Studio album by Delorentos
- Released: 9 October 2009 (Ireland)
- Genre: Alternative rock, indie
- Label: DeloRecords

Delorentos chronology
| In Love with Detail (2007) | You Can Make Sound (2009) | Little Sparks (2012) |

= You Can Make Sound =

Studio album by Delorentos

You Can Make Sound is the second studio album by Delorentos released on 9 October 2009. It reached #2 in the Irish Singles Chart and subsequently won the Entertainment.ie album of the Year 2009. The album was released in territories in Europe in March 2010.

==Album information==
Composed in 6 months at the end of 2008, the album was recorded after singer and guitarist Ronan Yourell had decided to quit the band. The album was originally meant to be a mini album or EP. During the recording process the band decided not to split up, and wrote a final track together, "I Remember", to complete the track list. The album was again recorded with Gareth Mannix in Sun studios, in two weeks between March and April 2009.

In May, to support the release and tour, the title track "You Can Make Sound" was released as a free download. The next release was the single "Secret" in October 2009. It became the biggest hit by the band so far, receiving the largest radio play at home and abroad. The video was made by Dublin video director Eoghan Kidney.

The song "Hallucinatons" featured in a TV advert for "Steorn Industries" worldwide and led to Hallucinations being released as a single in the USA.

The final single, "Sanctuary" was released in November 2010. The accompanying video was the band's most ambitious to date, and earned them a nomination for "Best Band" at the IMTV (Irish Music TV) awards that month.

==Critical reception==
The reception to the album was very good, with it receiving 4 stars out of five in Hot Press, The Sunday Tribune, and The Sunday Business Post and various other Irish papers. Due to the rushed nature of the release it was not reviewed as widely in Ireland as their previous Album.

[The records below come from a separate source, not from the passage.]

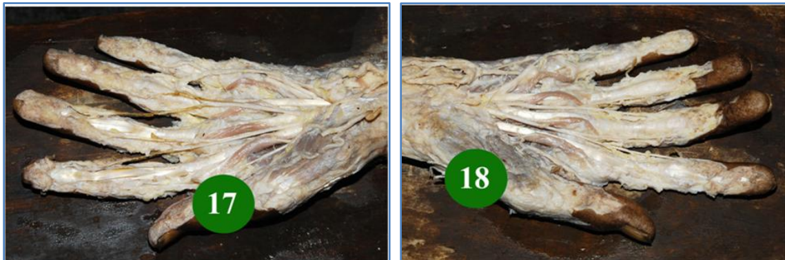
Fig. 10: Specimen No. 17 & 18

METHOD: Dissection of lumbricals and their nerve supply is carried out and the attachments and nerve supply noted. Photograph of each specimen was taken after the dissection with digital camera.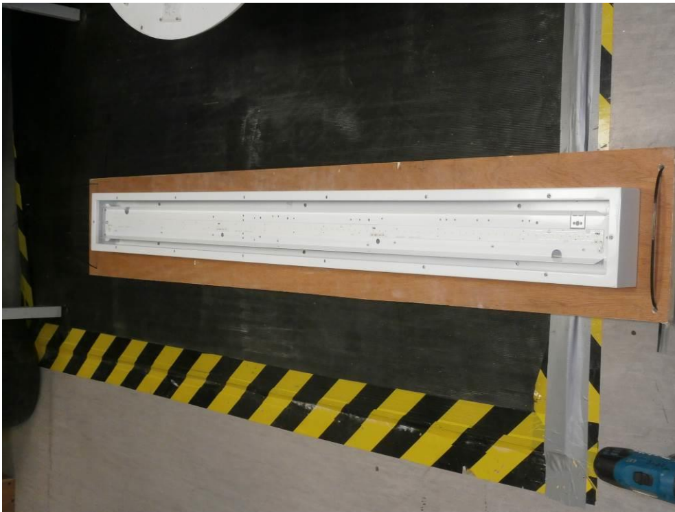
Figure 2. Test Setup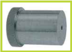
Materiale: Acciaio A2, HRC 58-60 Material: Steel A2, HRC 58-60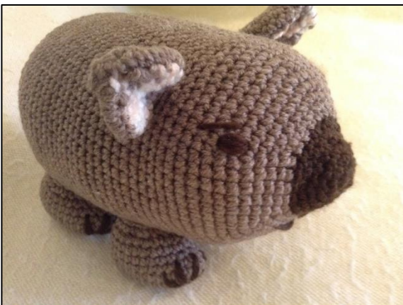
Wombatised fridge magnets and key rings $5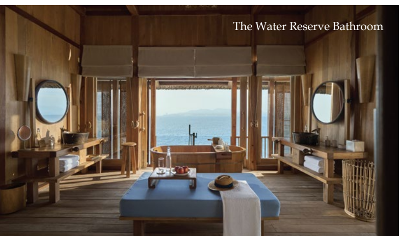
The Water Reserve Bathroom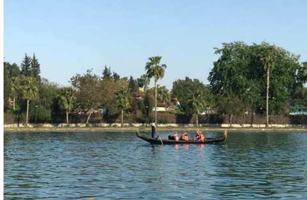
Seyhan River, Adana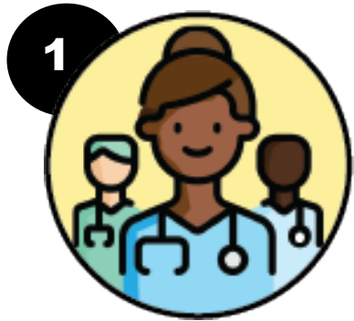
Step 1: Health Service Provider (HSP) adds Designee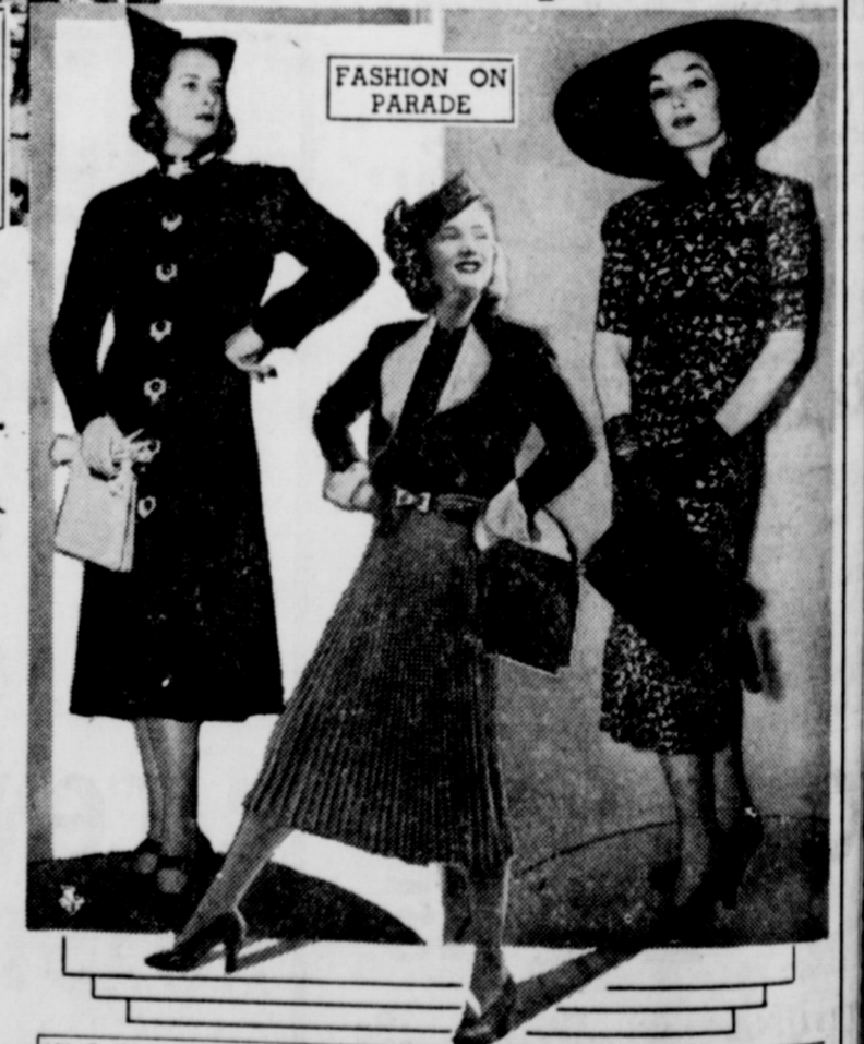
FASHION ON PARADE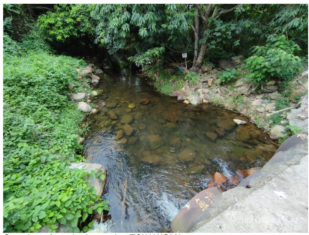
Overview of monitoring station TCW-WQM2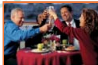
Enjoy dining aboard a Hornblower Cruise.

✦ Watch the fishing fleet come in along Jefferson Street. Over 300 boats call Fisherman's Wharf home. Pier 45 is the largest seafood processing area on the West Coast. San Francisco knows fish!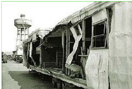
7) A Wing officer's trailer hit by a rocket (he wasn't in it). The water tower in the background was manned by an SP who gave the warning (siren and radio) whenever he spotted any incoming ("the rocket's red glare.....") hence saving untold lives.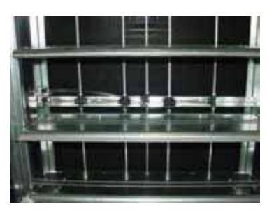
Pressure Pick-Up Tubes

m = a damper specific exponent that is provided with the unit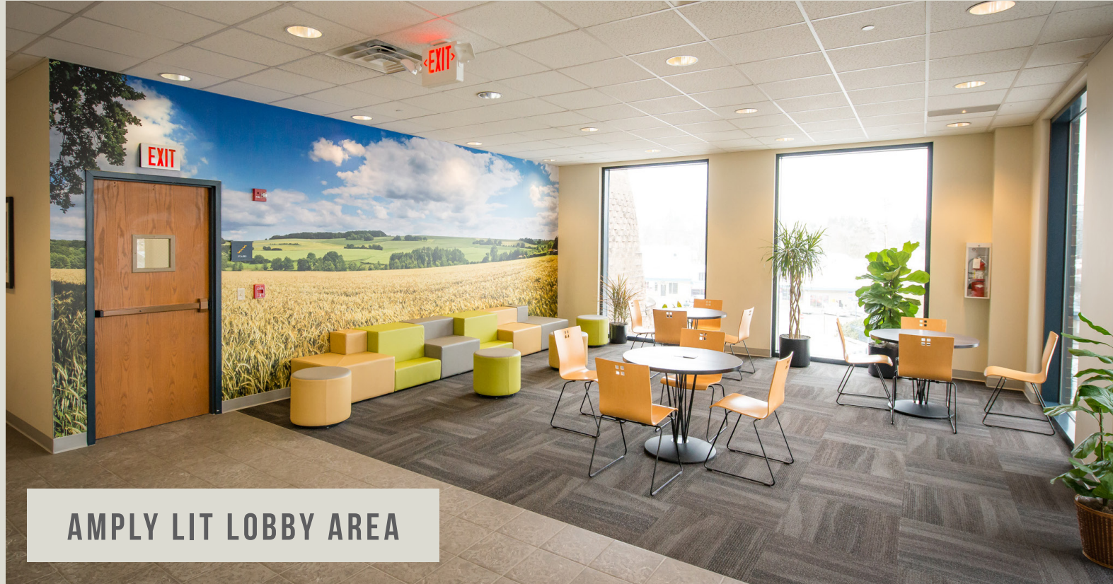
AMPLE LIT LOBBY AREA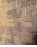
CoS or recycled brick paving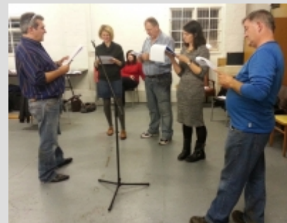
The On the Air cast in rehearsal.

Wednesday 6th to Saturday 9th November 7.30pm for 8pm start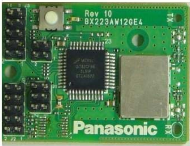
PAN802154 MODULE TOP VIEW TOP VIEW WITHOUT RS232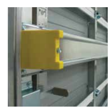
Raynor's patented box strut design features a yellow cap at each end for safety and visibility.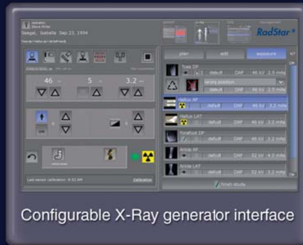
Configurable X-Ray generator interface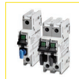
UL 98 and UL 508 Compact Fusible Disconnect Switches starting at $19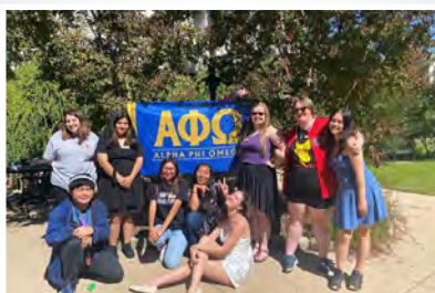
Sigma Beta Chapter at the University of Redlands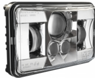
Part Number 0551391 12-24V ECE LED LHT Low Beam Headlight with Chrome Bezel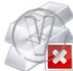
Silver Bars Delete.png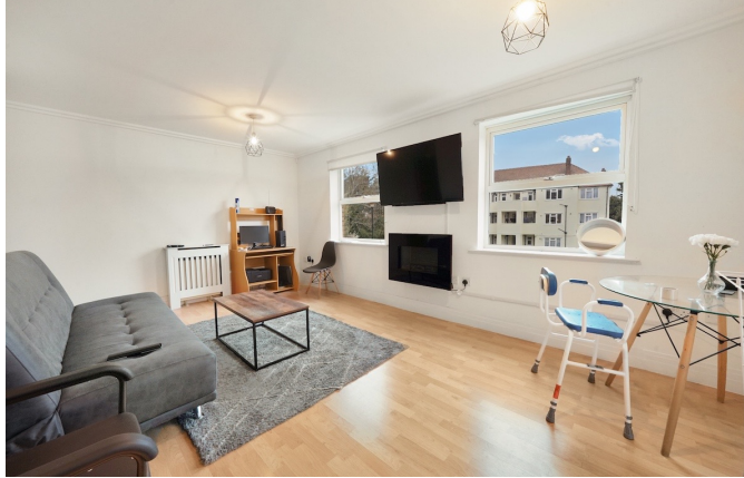
WILSHAW CLOSE, HENDON NW4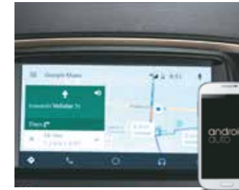
Android Auto Connectivity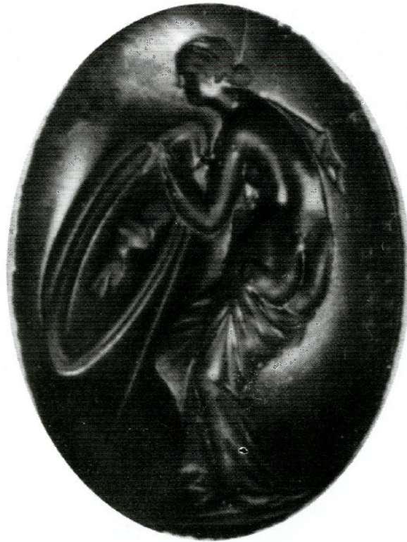
Fig. 6. Aphrodite arming herself. Impression of a garnet ringstone from Eretria. End of 3rd century B.C. Height 2.3 cm

The earliest representation of an armed Aphrodite to be considered here is the so-called Aphrodite from Epidaurus ( Fig. 7 ). The original can be dated ca. 380 B.C. and is likely to have been a Peloponnesian work. Unlike the representations mentioned so far, this is a more passive figure, carrying a sword in the way it is normally carried, hung on the shoulder. Dressed in a thin chiton that has slipped from the right shoulder, revealing the breast, and a mantel, the goddess is clearly characterized as a love goddess. Since the hands are missing

Outside Ireland the reviews were even better, with numerous very positive reviews in UK, Dutch, Spanish and German publications.

==Track listing==

| No. | Title | Length |
|---|---|---|
| 1. | "Sanctuary" |  |
| 2. | "Secret" |  |
| 3. | "Hallucinations" |  |
| 4. | "You Say You'll Never Love Her" |  |
| 5. | "Leave Me Alone" |  |
| 6. | "Body Cold" |  |
| 7. | "Editorial" |  |
| 8. | "Let the Light Go Out" |  |
| 9. | "Soulmate" |  |
| 10. | "You Can Make Sound" |  |
| 11. | "I Remember" |  |

==Sales and chart performance==
On its first week it reached number 2 in the Irish Charts.